Hi, Leeuw, On Thu, 21 Oct 2004 12:44:10 +0200 "Leeuw van der, Tim" <tim.leeuwvander@nl.unisys.com> wrote: > (I'm not sure if it's a good idea to create a PG-specific FS in your > OS of choice, but it's certainly gonna be easier than getting FS code > inside of PG) I don't think PG really needs a specific FS. I rather think that PG could profit from some functionality that's missing in traditional UN*X file systems. posix_fadvise(2) may be a candidate. Read/Write bareers another pone, as well asn syncing a bunch of data in different files with a single call (so that the OS can determine the best write order). I can also imagine some interaction with the FS journalling system (to avoid duplicate efforts). We should create a list of those needs, and then communicate those to the kernel/fs developers. Then we (as well as other apps) can make use of those features where they are available, and use the old way everywhere else. Maybe Reiser4 is a step into the right way, and maybe even a postgres plugin for Reiser4 will be worth the effort. Maybe XFS/JFS etc. already have such capabilities. Maybe that's completely wrong. cheers, Markus -- markus schaber | dipl. informatiker logi-track ag | rennweg 14-16 | ch 8001 zürich phone +41-43-888 62 52 | fax +41-43-888 62 53 mailto:schabios@logi-track.com | www.logi-track.com
> posix_fadvise(2) may be a candidate.
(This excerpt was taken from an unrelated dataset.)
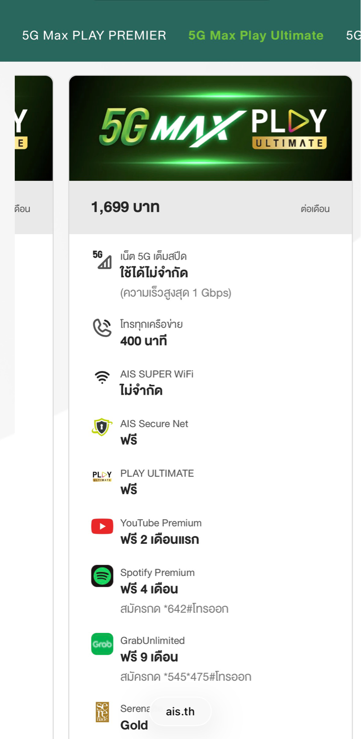 แล้วพอดีเห็นแพ็กเกจ internet unlimited + Streaming 5G Max Play Untimate ในราคา 1699 ซึ่งราคาเท่ากับที่ใช้อยู่ในปัจจุบัน แล้วเราโทรไปสอบถามทาง call center 1148 ทางนั้นบอกว่า ตัวนี้มีไว้ให้ ลูกค้าใหม่ กับ ย้ายจากเติมเงินมาเม่านั้น ลูกค้าเก่าราจเดือนหมดสิทธิ์ ถ้าอยากใช้โปรนี้ค้องไปเปิดเบอร์ใหม่เท่านั้น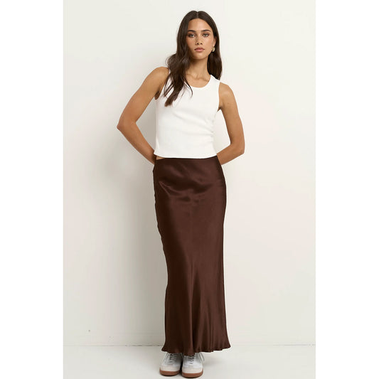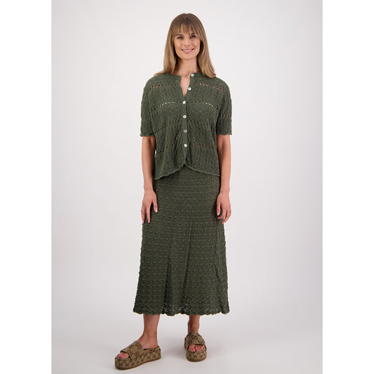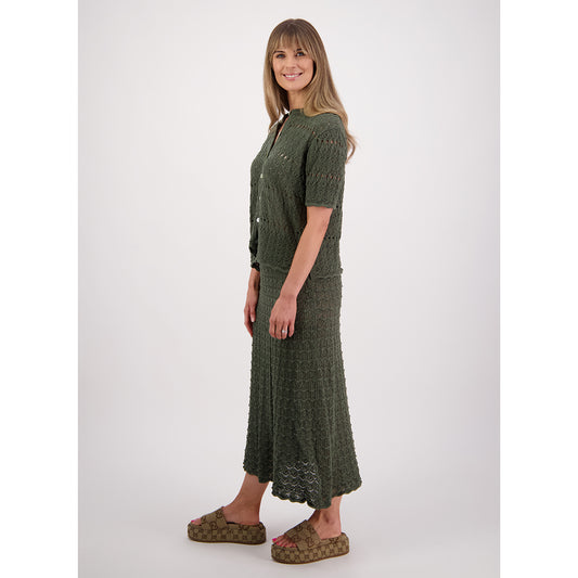 Notion Khaki Linen Blend Side Split Midi Skirt

Read/Write bareers another pone, as > well asn syncing a bunch of data in different files with a single call > (so that the OS can determine the best write order). I can also imagine > some interaction with the FS journalling system (to avoid duplicate > efforts). There is also the fact that syncing after every transaction could be changed to syncing every N transactions (N fixed or depending on the data size written by the transactions) which would be more efficient than the current behaviour with a sleep. HOWEVER suppressing the sleep() would lead to postgres returning from the COMMIT while it is in fact not synced, which somehow rings a huge alarm bell somewhere. What about read order ? This could be very useful for SELECT queries involving indexes, which in case of a non-clustered table lead to random seeks in the table. There's fadvise to tell the OS to readahead on a seq scan (I think the OS detects it anyway), but if there was a system call telling the OS "in the next seconds I'm going to read these chunks of data from this file (gives a list of offsets and lengths), could you put them in your cache in the most efficient order without seeking too much, so that when I read() them in random order, they will be in the cache already ?". This would be an asynchronous call which would return immediately, just queuing up the data somewhere in the kernel, and maybe sending a signal to the application when a certain percentage of the data has been cached. PG could take advantage of this with not much code changes, simply by putting a fifo between the index scan and the tuple fetches, to wait the time necessary for the OS to have enough reads to cluster them efficiently. On very large tables this would maybe not gain much, but on tables which are explicitely clustered, or naturally clustered like accessing an index on a serial primary key in order, it could be interesting. Just a thought.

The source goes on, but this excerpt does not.